На следующий день ей удалось уйти с работы только в четверть пятого, по вине какой-то старушенции, которая никак не могла решить, что заказать – ванильное мороженое с вишневым сиропом или шоколадное со сливочным. Выбегая из дверей кафе, Бронуин молилась только об одном: чтобы Данте хватило терпения дождаться ее.

Он дождался. Они встретились на своем обычном месте – в переулке за кинотеатром. Прислонившись к кирпичной стене, он посасывал сигарету – шесть футов загорелой мускулистой плоти в тесных «ливайсах» и облегающей футболке. Темные очки он сдвинул вверх, на мощном бицепсе выделялась татуировка – китайский символ жизни. Все как в настоящей жизни, а не в том замкнутом мирке, где жила Бронуин.

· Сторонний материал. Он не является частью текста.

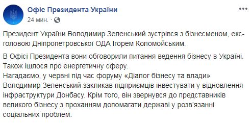 Президент Украины Владимир Зеленский встретился с бизнесменом, экс-председателем Днепропетровской ОГА Игорем Коломойским.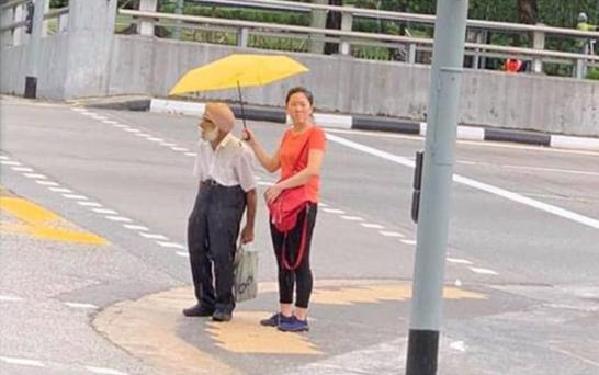 12月8日,新加坡的一個(gè)交通路口,傾盆大雨中,一名中國(guó)女性為一名印度錫克教徒打扮的老者撐傘。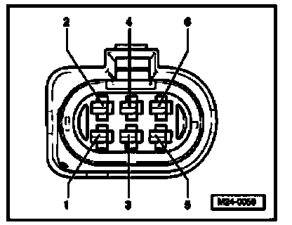 - Remove protective cover -arrows-and disconnect 6-pin connector (black) -1- to Heated Oxygen Sensor (HO2S) -G39-.

Как всегда, в первую минуту встречи Бронуин удивленно подумала: «Что он во мне нашел?» Данте с шестнадцати лет рассчитывал только на себя. Он баловался спиртным, но осторожно, почти непрерывно курил. И хотя об этом они ни разу не говорили, Бронуин была уверена: он спал с десятками женщин. Она же не пробовала ничего крепче безалкогольного пива, а весь ее опыт в сексе исчерпывался одним-единственным случаем: когда она позволила своему давнему приятелю Крису Бартоло прижиматься к ней, пока он не кончил.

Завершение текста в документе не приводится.